# Confidence Interval for Coefficient of Quadratic Fit

1. Jan 13, 2014

### Office_Shredder

Staff Emeritus
I have a bunch of noisy data points (x,y), and I want to model the data as y = ax2 + bx + c + noise where noise can probably be assumed to be Gaussian, or perhaps uniformly distributed. My data is firmly inside of an interval and I'm only interested in modeling correctly inside of this interval.

My experience is that fitting such a curve can result in significantly different values of a,b and c with only a very small change in the actual curve. For example

http://www.wolframalpha.com/input/?i=plot+y+=++x^2+++50,+y+=+1.3+x^2+-+10x+++100+on+[10,30]

The things of significant interest to me are the value of f(x) which I believe is being modeled quite well with what I am doing (just picking f(x) to be the quadratic fit minimizing the sum of squared errors) , and the value of a itself which is probably not getting modeled very well because of issues like the above. Does anybody know/have thoughts on statistical testing I can do to determine a confidence interval for a given the noisy data?

2. Jan 13, 2014

### Stephen Tashi

The title of the post suggests that you want a confidence interval for $a$.

I've offered an opinion in several threads on the forum about how software packages compute confidence intervals for the parameters of curves in curve fits. Nobody has confirmed or contradicted me yet! The gist of it is that these confidence intervals are "asymptotic linearized confidence intervals". This amounts to writing a linear approximation for the formula that the curve fit algorithm uses to find the parameter in terms of the data. The parameter is regarded as a random variable that is a linear function of the data. Assume the data are independent random variables and you can estimate the variance of the parameter in terms of the variances of the data.

The problem with finding a more respectable way to give a confidence interval for a parameter is that if you regard the parameter as a random variable then, after doing a curve fit, you have a sample for it consisting of 1 single value, namely the value produced by the curve fit algorithm. So how can you estimate the variance of the parameter from a sample of size 1?

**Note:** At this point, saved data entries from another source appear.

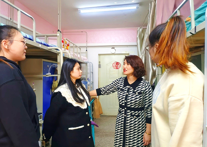 近期,受甲型流感病毒影响,个别学生有生病请假的现象。兼职班主任田野老师了解这一情况后,会同班长赵竟宏、学委袁思走访慰问了20级会计8班学生寝室。
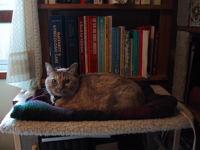 She's part siamese, so she likes to follow me around the house while expressing all her concerns and dislikes. Her nickname is Complaint Department. She is on her dais in this photo, we all worship her from there.
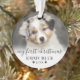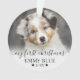 Ornamento de Natal Personalizado para Cachorro com Foto do Meu Primeiro Natal. Celebre o primeiro Natal do seu cachorro ou animal de estimação com este charmoso ornamento personalizado, projetado para capturar a alegria da primeira temporada de festas. A frente apresenta um espaço para uma foto do seu animal de estimação com a frase "Meu Primeiro Natal" em caligrafia elegante, juntamente com o nome do seu animal de estimação e o ano de nascimento para um toque especial e personalizado. No verso, um segundo espaço para foto é combinado com "Feliz Natal" na mesma caligrafia delicada, com o nome e ano do seu animal de estimação exibidos em tamanho menor na parte inferior. Acentuações de pegadas adicionam um toque adorável, enquanto um efeito ombre branco suave adorna a parte inferior de cada foto, criando uma transição suave e refinada. As cores da fonte e das pegadas podem ser personalizadas para se adequar ao seu estilo. Este ornamento é perfeito para celebrar o primeiro Natal do seu amigo peludo, adicionando calor

If you use a Bayesian approach with prior distributions for the parameters, I think you could estimate a confidence interval by a Monte-Carlo simulation. If you assume the parameters that you got from the curve fit are a good approximation for the "real" parameters and that the means and variances of the data are a good approximation for the means and variances of the phenomena being measured, you could do a Monte-Carlo approximation. It would involve generating data with random errors and fitting a curve to it. Do this many times and you get many simulated samples of the parameters.

3. Jan 13, 2014

### Office_Shredder

Staff Emeritus
Hence everything that came after that part!

This sounds pretty good to me. I googled around and found a couple packages that purport to do something similar to what you are describing. I'll give them a shot and report back.

Reporting back: Matlab has a function called "fit" in which you give it data and a model to try to fit to and you can run the output through "confint" to get confidence intervals at any level of confidence you desire. This is probably good enough, if I need something different I can take your description of how these calculations are done and do it myself by hand tweaking as desired. Thanks!

Last edited: Jan 13, 2014